April 1, 2015 at 3:00 am
Hi All,
Good Moring..
Is any one having idea on how to split a column data into multiple rows, below is the requirement ,please suggest if anyone have idea on this.
Create table #t3 (id int, country (varchar(max))
INSERT #t3 SELECT 1,' AU-Australia
MM-Myanmar
NZ-New Zealand
PG-Papua New Guinea
PH-Philippines'
Output shold be like below
1 ,AU-Australia
1,MM-Myanmar
1,NZ-New Zealand
1,PG-Paua New Guinea
1,PH-Phlippines
Note: we are getting source data from sqlserver tables.
I googled and found below way but did't get the output as required
SELECT A.id, a.country,
Split.a.value('.', 'VARCHAR(500)') AS String
FROM (SELECT id, country ,
CAST ('<M>' + REPLACE(country, ' ', '</M><M>') + '</M>' AS XML) AS String
FROM #t3) AS A CROSS APPLY String.nodes ('/M') AS Split(a);
So,kindly help me on this.
April 1, 2015 at 3:43 am
Create table #t3 (id int, country varchar(max))
INSERT #t3 SELECT 1,' AU-Australia
MM-Myanmar
NZ-New Zealand
PG-Papua New Guinea
PH-Philippines'
SELECT id, Item
FROM #t3 a
CROSS APPLY dbo.DelimitedSplit8K(country, CHAR(10)) b;
GO
DROP TABLE #t3;
DelimitedSplit8K can be found here: Tally OH! An Improved SQL 8K “CSV Splitter” Function [/url]
Or if that's not right and you want one results column, you can easily just concatenate CAST(id AS VARCHAR)+Item.
My thought question: Have you ever been told that your query runs too fast?
My advice:
INDEXing a poor-performing query is like putting sugar on cat food. Yeah, it probably tastes better but are you sure you want to eat it?

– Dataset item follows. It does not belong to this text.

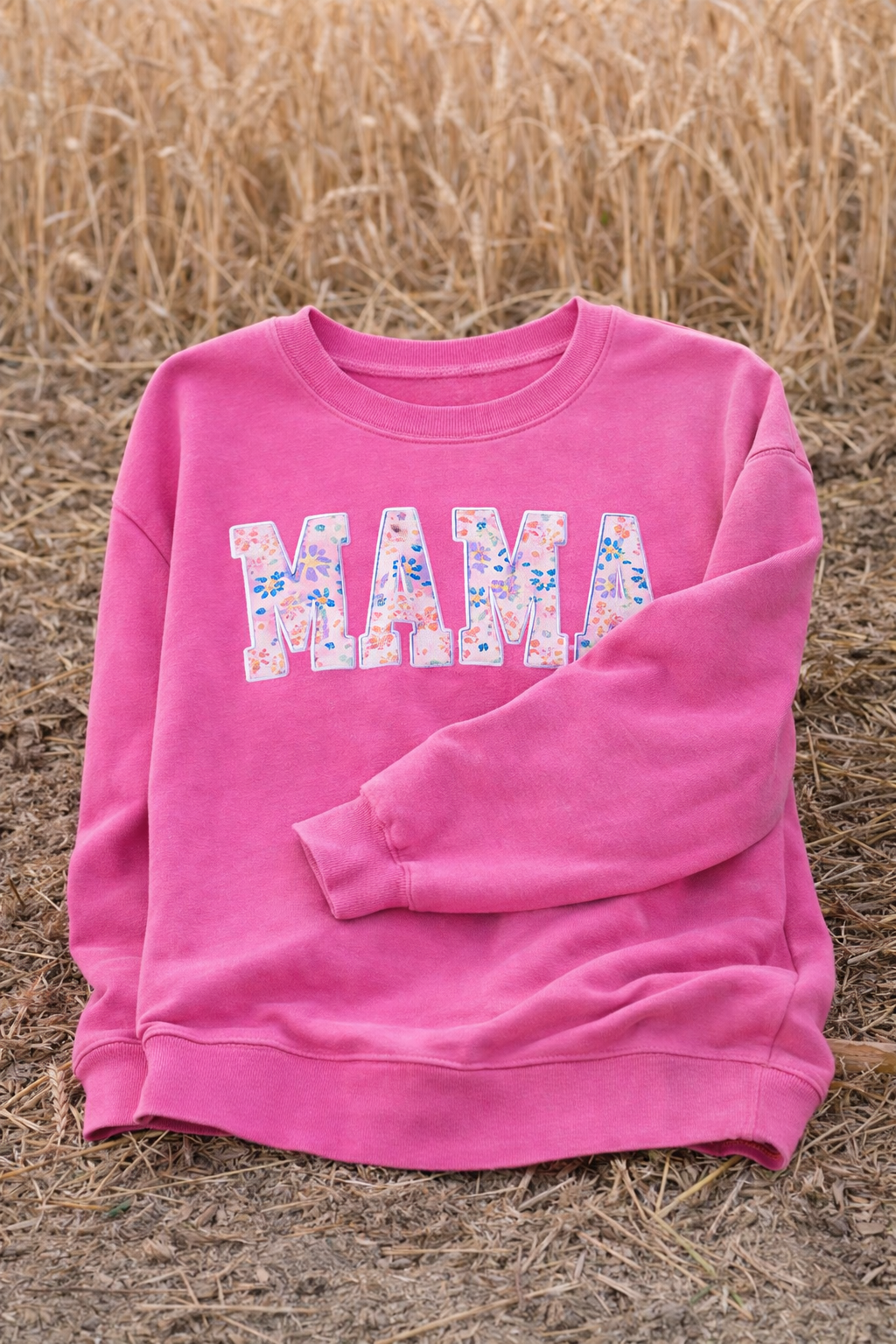 Celebrate motherhood in style with this charming pink pullover sweatshirt featuring delicate floral MAMA embroidery. Crafted with a relaxed fit, it's designed for all-day comfort whether you're running errands or relaxing at home

The path of least resistance can be a slippery slope. Take care that fixing your fixes of fixes doesn't snowball and end up costing you more than fixing the root cause would have in the first place.
Need to UNPIVOT? Why not CROSS APPLY VALUES instead?[/url]
Since random numbers are too important to be left to chance, let's generate some![/url]
Learn to understand recursive CTEs by example.[/url]
[url url=http://www.sqlservercentral.com/articles/St
April 1, 2015 at 6:49 am
Dwain posted the exact way I would do it - with Jeff's DelimitedSplit8K.
However, I noticed that you're using a MAX instead of 8000. When you pass the MAX value to the function, it will only handle 8000 characters. If you change the data type of the function parameter to a MAX instead of 8000, performance is going to tank. It'll still function and perform okay, but it won't be the high-performance function we've all come to know and love.
I've been pretty far down this road, trying many different scenarios, and the bottom line is that LOBs (the MAX) simply don't like to be joined to. Even if you declare the parameter as a MAX and pass a Varchar(8000) that's less than 8000 in length, it still treats it as a MAX and performance deteriorates. Plus, you have the added bonus of a cast.
April 4, 2015 at 2:30 am
For completeness, what's missing is the removal of half of the CRLF combination (windows newline)
😎
USE tempdb;
GO
SET NOCOUNT ON;
IF OBJECT_ID(N'tempdb..#t3') IS NOT NULL DROP TABLE #t3;
Create table #t3 (id int, country varchar(max))
INSERT INTO #t3 (id,country)
SELECT 1,' AU-Australia
MM-Myanmar
NZ-New Zealand
PG-Papua New Guinea
PH-Philippines';
SELECT
a.id AS [id]
,LTRIM(REPLACE(b.Item,CHAR(13),'')) AS [country]
FROM #t3 a
CROSS APPLY dbo.DelimitedSplit8K(country, CHAR(10)) b;
April 6, 2015 at 6:03 am
Thanks to all for your valuable suggestions.